Adding chlorine to water: Initially, chlorine reacts with organic and inorganic matter in the water. This creates chloramines (NH2Cl) and other intermediate compounds. This constitutes the “chlorine demand” or chlorine consumption.

Saturation point: As chlorine is added, it reacts more and more with these substances. The concentration of free chlorine decreases, and at a certain point, all the chlorine added is used for this reaction. At this point, chlorine demand is satisfied.

Break-point: When chlorine addition exceeds chlorine demand, excess free chlorine appears in the water. This is known as the break-point. At this point, chloramines (and other reactive organic compounds) are destroyed, and the excess free chlorine begins to act as an effective disinfectant.

Complete disinfection: Beyond the breakpoint, water becomes effectively disinfected, and the excess free chlorine concentration ensures pathogen destruction.

Break-point chlorination curve

A typical break-point chlorination curve is obtained by plotting the concentration of free chlorine (in mg/L) against the dose of chlorine added (in mg/L). Here are the various stages of the curve:

- Zone 1: Initially, free chlorine concentration falls rapidly as chlorine is used to react with organic and inorganic matter in the water (chlorine demand).

- Zone 2: Then, free chlorine concentration reaches a plateau (saturation), indicating that all chlorine demand has been met.

- Zone 3: When the chlorine dose continues to increase beyond this plateau, a rapid increase in free chlorine concentration is observed, marking the breakpoint.

- Break-point: This is the point at which the concentration of free chlorine begins to rise rapidly and exponentially. This indicates that excess chlorine has become available for disinfection.

Importance of the Break-Point method

- Efficiency: This method ensures that the water is disinfected, with total elimination of pathogenic microorganisms.

- Control of free chlorine concentration: After the breakpoint, excess free chlorine is controlled to prevent over-chlorination (which can be harmful to health or the environment).

Table 7. Chlorination dosage cuve

Figure 4. Chlorination dosage curve

Explanation of curve zones

Zone 1 (from 1mg/L to 2mg/L Chlorine demand): Initially, the water contains organic and inorganic matter that consumes the added chlorine. The concentration of free chlorine is low.

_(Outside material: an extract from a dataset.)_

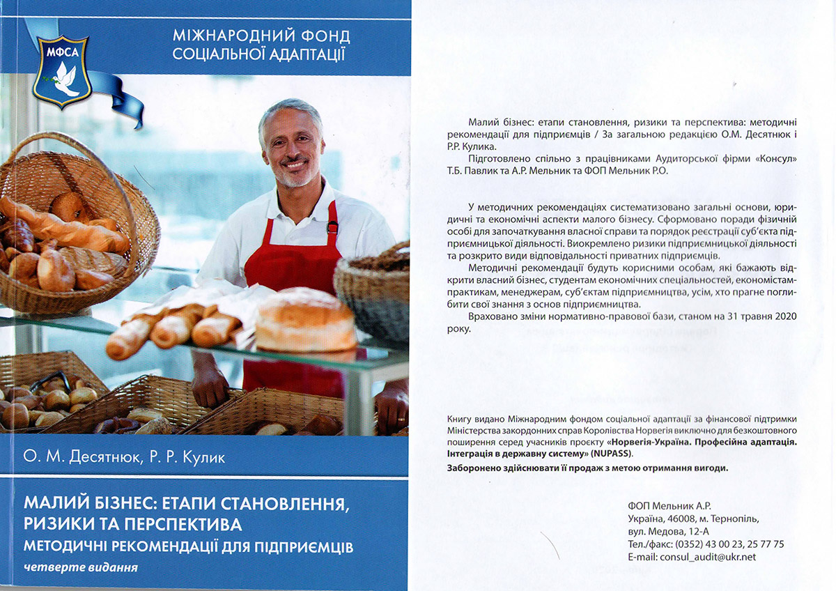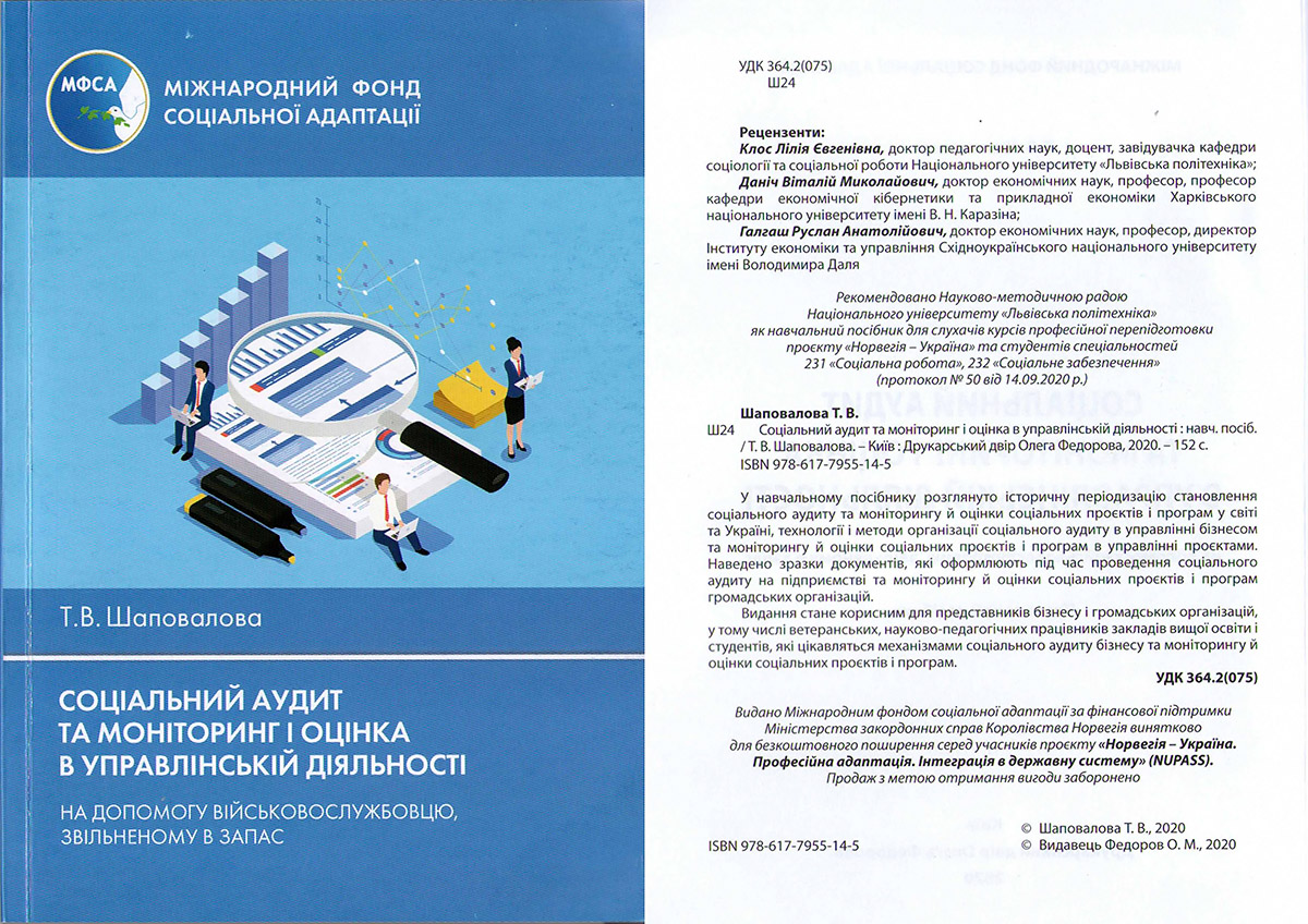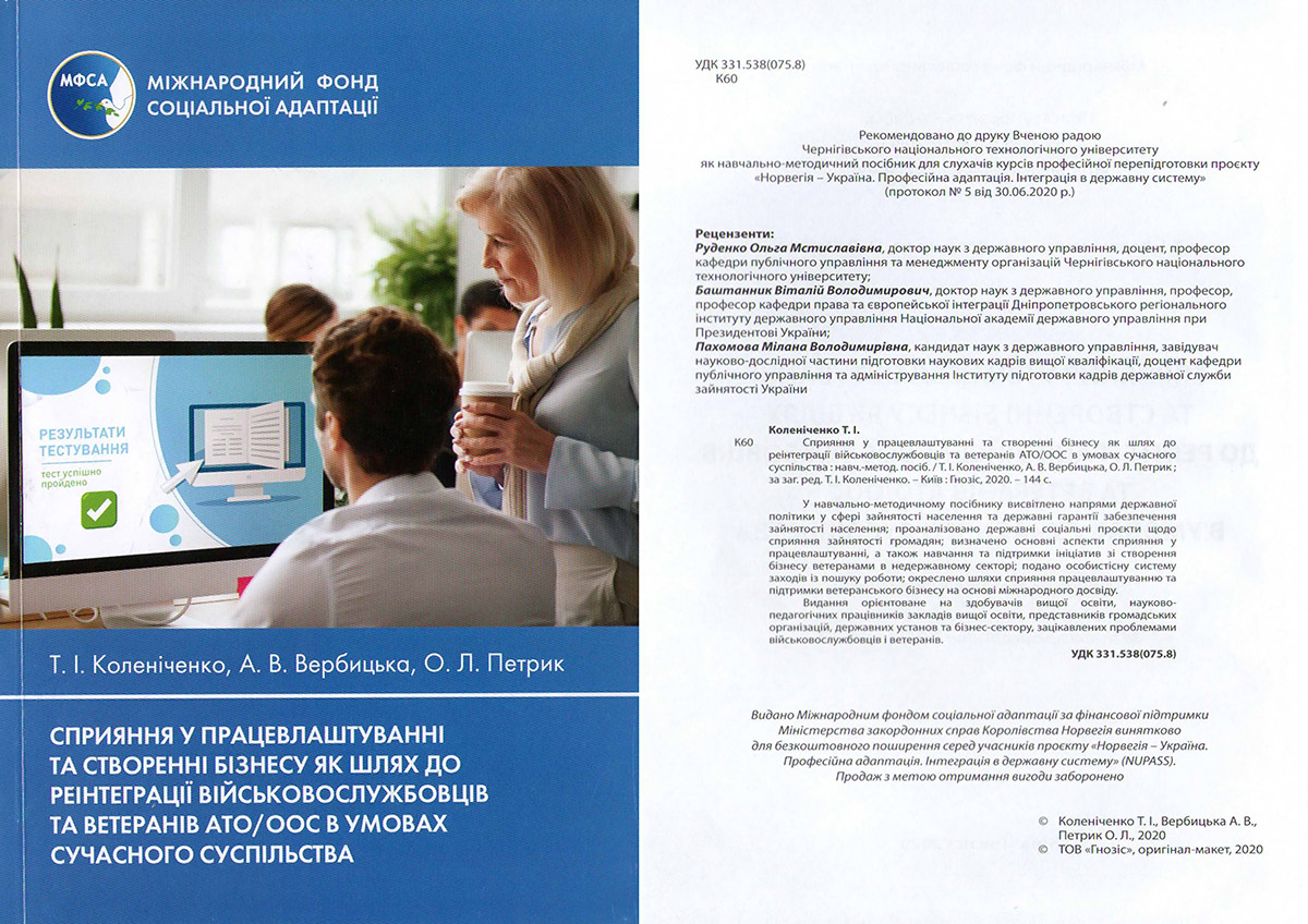 До неї, зокрема, увійшли посібники «Соціальний аудит та моніторинг і оцінка в управлінській діяльності» за редакцією Т. В. Шаповалової, «Малий бізнес: етапи становлення, ризики та перспектива: методичні рекомендації для підприємців» за загальною редакцією О.М. Десятнюк і Р.Р. Кулика, «Сприяння у працевлаштуванні та створенні бізнесу як шлях до реінтеграції військовослужбовців та ветеранів АТО/ООС в умовах сучасного суспільства» Т. І. Коленіченко, «Інноваційне підприємництво» О.Є. Гудзя, а також розроблена громадською організацією «Юридична Сотня» «Пам'ятка учасникам протидії збройній агресії Російської Федерації проти України».
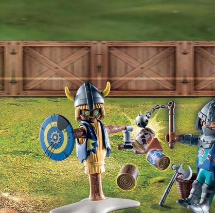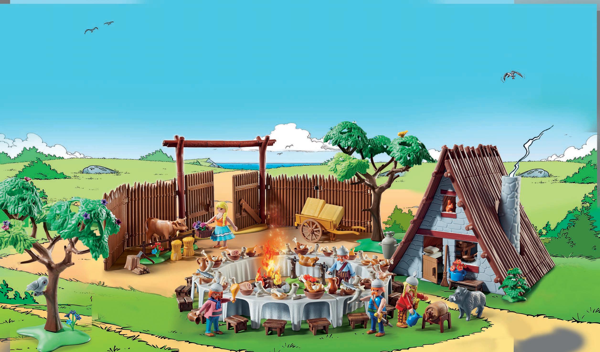 70931Astérix Le banquet du village. Avec un tournebroche et un feu central. Le toit de la hutte peut être retiré pour jouer à l’intérieur. 18 Gaulois peuvent s’asseoir autour de la table du banquet.

Zone 2 (from 2mg/L to 4.5 mg/L Saturation): Chlorine demand is saturated, and the concentration of free chlorine no longer changes significantly. At this stage, the amount of excess chlorine is still insufficient to ensure complete disinfection.

Zone 3 (from 4.5 mg/L to 6 mg/L Break-point): The addition of excess chlorine leads to the destruction of intermediate compounds such as chloramines and an increase in the concentration of free chlorine. This is where effective disinfection begins.

Chlorination treatment of drinking water using the break-point method is a well-established technique for guaranteeing water disinfection, ensuring that excess free chlorine remains available to kill pathogens. The chlorination curve, showing the different phases of the reaction of chlorine with the substances present in the water, makes it possible to determine the exact moment when the water reaches optimum disinfection.

In my research, I suggest using a chlorine dose of at least 5 mg/L to eliminate pathogens, so that people can drink the water in complete safety.

6. Conclusions

According to the results of analyses carried out during both the dry and rainy seasons, water quality is satisfactory in terms of physical parameters, despite temperatures exceeding 25°C. As for chemical parameters, concentrations are in line with the standards required for water intended for human consumption, despite low concentrations of certain elements such as calcium and magnesium. As for microbiological parameters, the water is microbially contaminated, requiring treatment before use. I therefore recommend the use of chlorination as a method of pathogen disinfection, applying optimal doses of between 4.5 mg/L and 5 mg/L, to guarantee the population safe drinking water in both seasons.